Orvieto is a justifiably lauded small city. It sits, or perches, to be more precise, on the crest of a cliff, holding court over the Umbrian countryside. It's big enough that novelty-seeking travelers will find plenty to occupy their week-long visit, but small enough that it can feel familiar, even home-like in a short time. It's a stone-throw from worthy trips like the dangling town of Civita Bagnoregio, the perennial fave Todi, the ceramics workhorse Deruta, and Lago Trasimeno for a change of pace.

Let the masses flock to nearby Tuscany. We can keep Umbria, and it's crown jewels, like Orvieto to ourselves.

Every time I visit Orvieto I wish we had more time. There's a fascinating tour of the underground city, an astonishing Etruscan well, museums, and the oft-photographed cathedral. So I hear. I end up eating a meal and wandering and calling it a day.

But the meal you see, it alone is worth the trip to Orvieto.

The restaurant I'm sending you to is Trattoria del Moro Aronne. You'll understand my insistence from the moment you walk in the door. It's humble, cozy, a little winding, and it smells fantastic. Everything we've ever gotten there has been a revelation. A revelation with excellent wine.

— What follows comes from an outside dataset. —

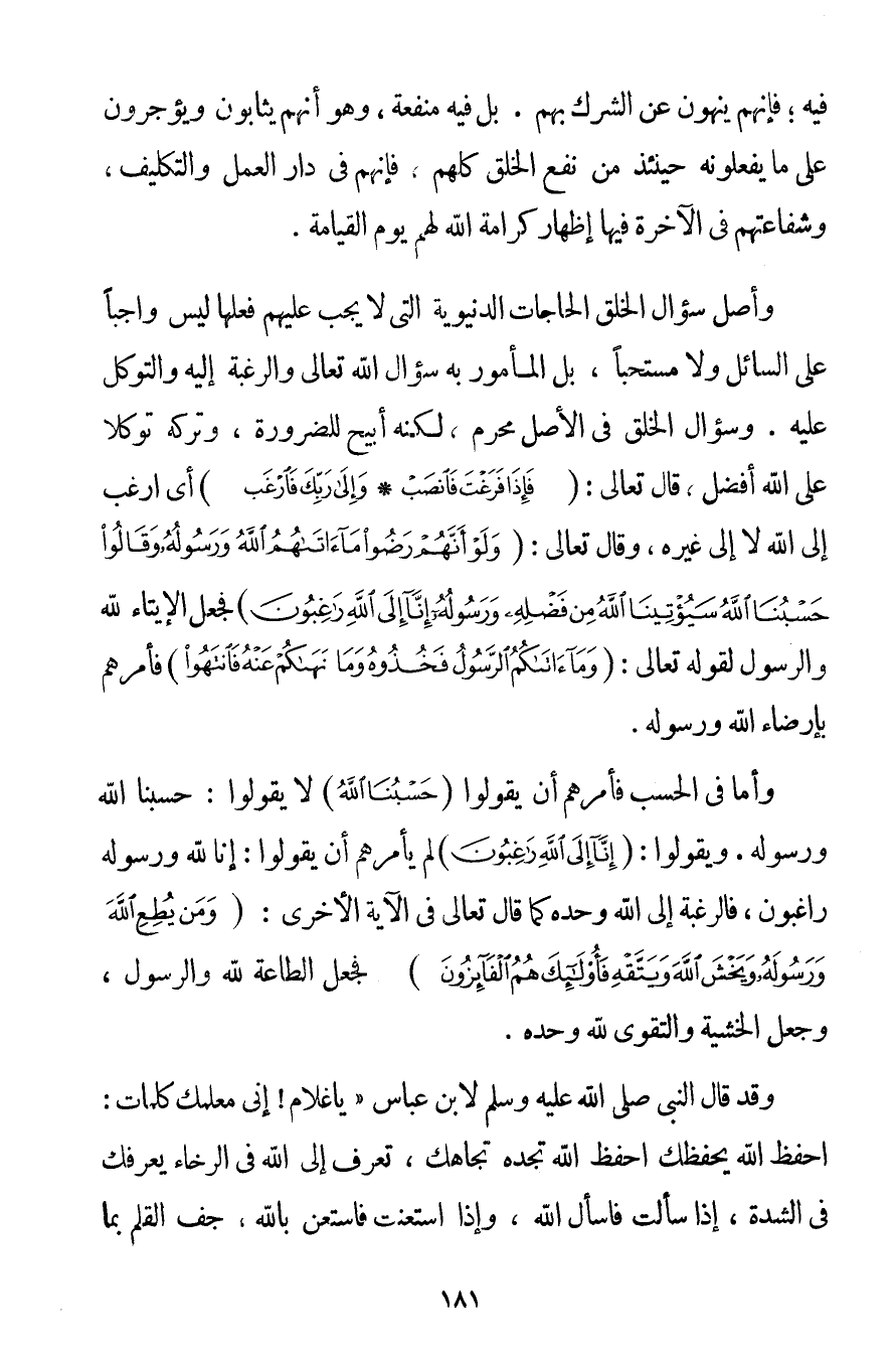 وَأَصْلُ سُؤَالِ الْخَلْقِ الْحَاجَاتِ الدُّنْيَوِيَّةَ الَّتِي لَا يَجِبُ عَلَيْهِمْ فِعْلُهَا لَيْسَ وَاجِبًا عَلَى السَّائِلِ وَلَا مُسْتَحَبًّا بَلْ الْمَأْمُورُ بِهِ سُؤَالُ اللَّهِ تَعَالَى وَالرَّغْبَةُ إلَيْهِ وَالتَّوَكُّلُ عَلَيْهِ. وَسُؤَالُ الْخَلْقِ فِي الْأَصْلِ مُحَرَّمٌ لَكِنَّهُ أُبِيحَ لِلضَّرُورَةِ وَتَرْكُهُ تَوَكُّلًا عَلَى اللَّهِ أَفْضَلُ قَالَ تَعَالَى: {فَإِذَا فَرَغْتَ فَانْصَبْ} {وَإِلَى رَبِّكَ فَارْغَبْ} أَيْ ارْغَبْ إلَى اللَّهِ لَا إلَى غَيْرِهِ وَقَالَ تَعَالَى: {وَلَوْ أَنَّهُمْ رَضُوا مَا آتَاهُمُ اللَّهُ وَرَسُولُهُ وَقَالُوا حَسْبُنَا اللَّهُ سَيُؤْتِينَا اللَّهُ مِنْ فَضْلِهِ وَرَسُولُهُ إنَّا إلَى اللَّهِ رَاغِبُونَ} فَجَعَلَ الْإِيتَاءَ لِلَّهِ وَالرَّسُولِ لِقَوْلِهِ تَعَالَى {وَمَا آتَاكُمُ الرَّسُولُ فَخُذُوهُ وَمَا نَهَاكُمْ عَنْهُ فَانْتَهُوا} فَأَمَرَهُمْ بِإِرْضَاءِ اللَّهِ وَرَسُولِهِ. وَأَمَّا فِي الحسب فَأَمَرَهُمْ أَنْ يَقُولُوا (حَسْبُنَا اللَّهُ لَا يَقُولُوا: حَسْبُنَا اللَّهُ وَرَسُولُهُ. وَيَقُولُوا: {إنَّا إلَى اللَّهِ رَاغِبُونَ} لَمْ يَأْمُرْهُمْ أَنْ يَقُولُوا: إنَّا لِلَّهِ وَرَسُولِهِ رَاغِبُونَ فَالرَّغْبَةُ إلَى اللَّهِ وَحْدَهُ كَمَا قَالَ تَعَالَى فِي الْآيَةِ الْأُخْرَى: {وَمَنْ يُطِعِ اللَّهَ وَرَسُولَهُ وَيَخْشَ اللَّهَ وَيَتَّقْهِ فَأُولَئِكَ هُمُ الْفَائِزُونَ} فَجَعَلَ الطَّاعَةَ لِلَّهِ وَالرَّسُولِ وَجَعَلَ الْخَشْيَةَ وَالتَّقْوَى لِلَّهِ وَحْدَهُ. وَقَدْ قَالَ النَّبِيُّ صَلَّى اللَّهُ عَلَيْهِ وَسَلَّمَ لِابْنِ عَبَّاسٍ {يَا غُلَامُ إنِّي مُعَلِّمُك كَلِمَاتٍ: احْفَظْ اللَّهَ يَحْفَظْك احْفَظْ اللَّهَ تَجِدْهُ تُجَاهَك تَعَرَّفْ إلَى اللَّهِ فِي الرَّخَاءِ يَعْرِفْك فِي الشِّدَّةِ إذَا سَأَلْت فَاسْأَلْ اللَّهَ وَإِذَا اسْتَعَنْت فَاسْتَعِنْ بِاَللَّهِ جَفَّ الْقَلَمُ بِمَا

This is where we had our first taste of goose, in the form of marinated strips across a sort of fennel custard. And on this recent trip we had guanciale in a tomato sauce that was so deep, and so bright, and so layered, I actually felt like I had to ask the passing waitress what the heck is going on in there? She said just guanciale, tomatoes, sage, onions, and vinegar. I'd suspect her of lying but this is a restaurant that actually puts recipes for its most popular dishes on its website, so they don't seem the state-secret type. 

At Trattoria del Moro Arrone, we've stuck to old standards, we've risked new dishes, this last time I thought I ordered one thing and found I'd accidentally requested something I never would've gotten (pasta with roasted vegetables, which my eyes skated right by because boring, only—holy cow!) and everything has been exceptional.

There's a fun bookstore nearby and Pasqualetti, one of Umbria's best gelaterias, around the corner on the way to the cathedral. I'm telling you, there's lots to see and do in Orvieto, but really I'm just trusting other people's say-so on this one because I come for the meal.